Republic upgrades its communications network.

December 1, 2007

1 Min Read
Network News

CHRIS CARLSON

In a move to improve business continuity, Republic Services, Fort Lauderdale, Fla., has agreed to a five-year $1.3 million contract with AT&T to upgrade its computer network. The Synchronous Optical Network (SONET) will provide a “self-healing” network designed to protect critical applications from being disrupted or degraded in quality because of a loss of signal or transmission impairment.

One of the main reasons for the move, company officials say, is to guard against natural disasters common to South Florida, such as hurricanes. Those disasters can cause extended network outages, which affect the company's other 250 operating locations throughout the country. “The bottom line is that we need to have our systems available to ensure that our customers continue to receive great service that they have come to expect,” says Will Flower, vice president of communications for Republic. “We have spent a good deal of time and money over the last several years upgrading our networks and ensuring that we have an executable disaster recovery strategy..”

To accommodate the new system, Republic has added a second data center in Las Vegas that will back up the primary data center, which is located at the company's headquarters.

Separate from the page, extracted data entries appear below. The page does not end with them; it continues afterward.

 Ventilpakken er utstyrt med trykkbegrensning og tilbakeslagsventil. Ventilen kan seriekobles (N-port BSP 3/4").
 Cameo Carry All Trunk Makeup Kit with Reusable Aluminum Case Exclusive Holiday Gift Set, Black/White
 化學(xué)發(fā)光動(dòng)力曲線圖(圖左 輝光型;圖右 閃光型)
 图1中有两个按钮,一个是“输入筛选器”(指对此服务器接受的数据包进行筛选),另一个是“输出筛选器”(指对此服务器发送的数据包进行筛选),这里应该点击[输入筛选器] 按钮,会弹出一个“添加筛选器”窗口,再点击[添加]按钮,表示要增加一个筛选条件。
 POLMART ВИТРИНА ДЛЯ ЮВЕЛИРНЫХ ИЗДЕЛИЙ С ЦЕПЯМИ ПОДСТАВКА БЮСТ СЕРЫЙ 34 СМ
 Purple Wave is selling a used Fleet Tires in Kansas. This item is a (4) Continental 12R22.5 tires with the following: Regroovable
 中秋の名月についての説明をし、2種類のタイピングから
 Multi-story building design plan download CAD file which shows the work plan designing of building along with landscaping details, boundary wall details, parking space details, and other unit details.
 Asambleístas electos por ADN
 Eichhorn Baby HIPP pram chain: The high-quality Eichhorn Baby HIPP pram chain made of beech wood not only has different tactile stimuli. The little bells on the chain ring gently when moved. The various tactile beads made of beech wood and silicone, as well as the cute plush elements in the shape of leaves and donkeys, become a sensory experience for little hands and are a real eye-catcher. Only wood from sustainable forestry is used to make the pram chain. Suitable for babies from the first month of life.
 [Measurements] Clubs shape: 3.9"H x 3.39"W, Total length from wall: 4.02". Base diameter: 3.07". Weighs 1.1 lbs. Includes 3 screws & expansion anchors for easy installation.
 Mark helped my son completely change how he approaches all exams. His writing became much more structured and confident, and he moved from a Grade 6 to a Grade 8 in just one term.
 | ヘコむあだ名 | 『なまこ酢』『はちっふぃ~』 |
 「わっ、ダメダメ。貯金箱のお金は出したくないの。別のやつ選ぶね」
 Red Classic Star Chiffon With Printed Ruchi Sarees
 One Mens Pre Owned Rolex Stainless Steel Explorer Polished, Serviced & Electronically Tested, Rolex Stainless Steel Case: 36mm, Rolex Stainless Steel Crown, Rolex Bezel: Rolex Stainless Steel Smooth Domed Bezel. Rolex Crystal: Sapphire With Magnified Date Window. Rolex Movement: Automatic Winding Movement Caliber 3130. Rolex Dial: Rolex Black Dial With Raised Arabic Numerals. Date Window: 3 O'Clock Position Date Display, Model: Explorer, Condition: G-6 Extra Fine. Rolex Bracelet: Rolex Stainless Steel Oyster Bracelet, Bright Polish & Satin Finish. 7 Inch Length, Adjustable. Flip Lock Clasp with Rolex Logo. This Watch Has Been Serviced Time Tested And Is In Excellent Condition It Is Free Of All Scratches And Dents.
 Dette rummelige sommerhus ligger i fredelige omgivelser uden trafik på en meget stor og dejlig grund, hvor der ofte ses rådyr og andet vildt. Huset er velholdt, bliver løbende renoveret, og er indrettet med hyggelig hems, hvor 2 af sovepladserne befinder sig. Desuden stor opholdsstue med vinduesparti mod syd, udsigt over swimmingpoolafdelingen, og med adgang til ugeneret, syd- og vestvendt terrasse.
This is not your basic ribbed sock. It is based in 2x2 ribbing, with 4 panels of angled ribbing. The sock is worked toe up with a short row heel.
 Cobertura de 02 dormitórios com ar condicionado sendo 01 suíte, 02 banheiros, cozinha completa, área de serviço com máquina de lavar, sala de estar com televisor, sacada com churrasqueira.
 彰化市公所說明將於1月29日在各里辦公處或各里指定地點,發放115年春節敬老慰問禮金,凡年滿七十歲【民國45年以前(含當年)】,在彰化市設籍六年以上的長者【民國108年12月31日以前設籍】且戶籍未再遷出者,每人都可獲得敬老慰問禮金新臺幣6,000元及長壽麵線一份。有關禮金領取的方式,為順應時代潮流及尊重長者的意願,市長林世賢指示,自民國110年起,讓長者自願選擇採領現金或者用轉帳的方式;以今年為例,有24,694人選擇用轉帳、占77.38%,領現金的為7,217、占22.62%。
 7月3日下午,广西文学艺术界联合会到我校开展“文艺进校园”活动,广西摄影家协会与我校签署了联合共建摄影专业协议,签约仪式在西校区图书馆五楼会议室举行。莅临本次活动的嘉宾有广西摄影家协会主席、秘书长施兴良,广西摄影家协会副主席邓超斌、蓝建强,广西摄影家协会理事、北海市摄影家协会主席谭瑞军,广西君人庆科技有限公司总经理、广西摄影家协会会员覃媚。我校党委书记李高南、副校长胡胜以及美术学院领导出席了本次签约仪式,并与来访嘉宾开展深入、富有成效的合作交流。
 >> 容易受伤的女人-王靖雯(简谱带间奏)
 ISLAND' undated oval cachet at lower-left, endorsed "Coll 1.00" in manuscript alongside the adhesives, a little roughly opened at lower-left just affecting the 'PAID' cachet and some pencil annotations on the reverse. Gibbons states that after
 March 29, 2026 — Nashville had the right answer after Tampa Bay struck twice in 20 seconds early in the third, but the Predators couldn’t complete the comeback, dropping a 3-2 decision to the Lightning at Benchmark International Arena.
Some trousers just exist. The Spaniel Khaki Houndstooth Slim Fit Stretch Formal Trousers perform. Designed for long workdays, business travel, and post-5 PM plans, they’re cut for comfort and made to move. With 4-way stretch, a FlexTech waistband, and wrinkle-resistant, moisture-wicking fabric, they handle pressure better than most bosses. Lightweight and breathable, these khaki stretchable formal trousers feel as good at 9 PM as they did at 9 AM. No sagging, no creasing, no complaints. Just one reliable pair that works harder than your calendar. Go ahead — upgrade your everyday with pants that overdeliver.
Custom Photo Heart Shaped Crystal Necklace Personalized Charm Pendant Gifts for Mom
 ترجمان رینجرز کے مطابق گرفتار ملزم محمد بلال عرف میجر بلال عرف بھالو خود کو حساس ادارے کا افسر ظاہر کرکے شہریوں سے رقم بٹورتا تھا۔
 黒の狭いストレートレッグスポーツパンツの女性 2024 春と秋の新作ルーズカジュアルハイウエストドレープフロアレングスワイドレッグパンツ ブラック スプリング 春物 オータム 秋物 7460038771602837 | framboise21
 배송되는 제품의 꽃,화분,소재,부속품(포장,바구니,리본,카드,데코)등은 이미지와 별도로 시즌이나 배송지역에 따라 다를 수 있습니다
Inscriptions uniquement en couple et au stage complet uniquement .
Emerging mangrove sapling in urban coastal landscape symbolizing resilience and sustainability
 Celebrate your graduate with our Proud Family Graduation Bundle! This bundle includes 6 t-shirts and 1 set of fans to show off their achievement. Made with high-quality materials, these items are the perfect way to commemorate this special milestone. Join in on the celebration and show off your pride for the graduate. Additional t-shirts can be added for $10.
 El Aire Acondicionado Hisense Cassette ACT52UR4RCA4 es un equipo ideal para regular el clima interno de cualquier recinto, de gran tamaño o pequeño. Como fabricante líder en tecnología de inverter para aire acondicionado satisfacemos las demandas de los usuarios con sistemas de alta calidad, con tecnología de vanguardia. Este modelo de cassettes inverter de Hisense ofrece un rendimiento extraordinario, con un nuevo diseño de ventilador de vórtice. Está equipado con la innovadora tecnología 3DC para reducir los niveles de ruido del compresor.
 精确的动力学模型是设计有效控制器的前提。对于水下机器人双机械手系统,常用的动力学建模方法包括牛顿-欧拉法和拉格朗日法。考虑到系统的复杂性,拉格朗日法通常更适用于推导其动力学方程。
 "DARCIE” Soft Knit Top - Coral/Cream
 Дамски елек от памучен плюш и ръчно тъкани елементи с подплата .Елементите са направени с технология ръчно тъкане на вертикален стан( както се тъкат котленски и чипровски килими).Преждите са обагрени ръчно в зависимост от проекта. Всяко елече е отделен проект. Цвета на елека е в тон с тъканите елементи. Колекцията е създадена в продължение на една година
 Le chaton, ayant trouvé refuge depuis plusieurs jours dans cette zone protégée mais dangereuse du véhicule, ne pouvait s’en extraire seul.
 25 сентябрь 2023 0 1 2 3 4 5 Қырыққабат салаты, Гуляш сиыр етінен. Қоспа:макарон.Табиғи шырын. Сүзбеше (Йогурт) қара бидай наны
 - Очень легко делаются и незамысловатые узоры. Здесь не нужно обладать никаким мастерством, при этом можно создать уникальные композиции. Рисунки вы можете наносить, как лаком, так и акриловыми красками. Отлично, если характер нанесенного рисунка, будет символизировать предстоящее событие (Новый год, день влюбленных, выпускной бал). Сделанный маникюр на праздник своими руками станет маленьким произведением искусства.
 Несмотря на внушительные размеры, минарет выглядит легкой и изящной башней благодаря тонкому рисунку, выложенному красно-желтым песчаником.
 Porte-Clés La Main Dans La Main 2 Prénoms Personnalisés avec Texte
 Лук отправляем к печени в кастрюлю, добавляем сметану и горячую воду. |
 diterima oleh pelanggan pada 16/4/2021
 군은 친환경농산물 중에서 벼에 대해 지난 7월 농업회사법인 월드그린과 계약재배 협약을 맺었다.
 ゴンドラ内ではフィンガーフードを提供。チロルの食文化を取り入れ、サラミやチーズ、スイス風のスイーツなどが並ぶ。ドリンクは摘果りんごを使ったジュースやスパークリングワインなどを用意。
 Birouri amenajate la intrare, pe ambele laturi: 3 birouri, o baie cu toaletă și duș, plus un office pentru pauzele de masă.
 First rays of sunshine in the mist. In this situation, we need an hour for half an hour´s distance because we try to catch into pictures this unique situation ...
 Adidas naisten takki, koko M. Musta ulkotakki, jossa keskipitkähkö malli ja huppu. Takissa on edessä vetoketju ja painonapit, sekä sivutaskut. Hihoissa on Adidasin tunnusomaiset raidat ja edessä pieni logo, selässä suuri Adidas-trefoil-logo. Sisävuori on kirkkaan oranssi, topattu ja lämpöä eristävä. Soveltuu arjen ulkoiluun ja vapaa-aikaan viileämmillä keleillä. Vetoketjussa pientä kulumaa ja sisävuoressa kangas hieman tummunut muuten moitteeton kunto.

The new technology provides alternate circuits for communications, meaning if the SONET fiber is cut, the technology's architecture secures a reverse path of data transport so that the information can take an alternate route. In the old system, the main data center served as the lynchpin for the network. Once knocked out by a hurricane, it took hours — or sometimes days — to get the network running again. Flower says in these cases, data would have to be physically moved using tapes.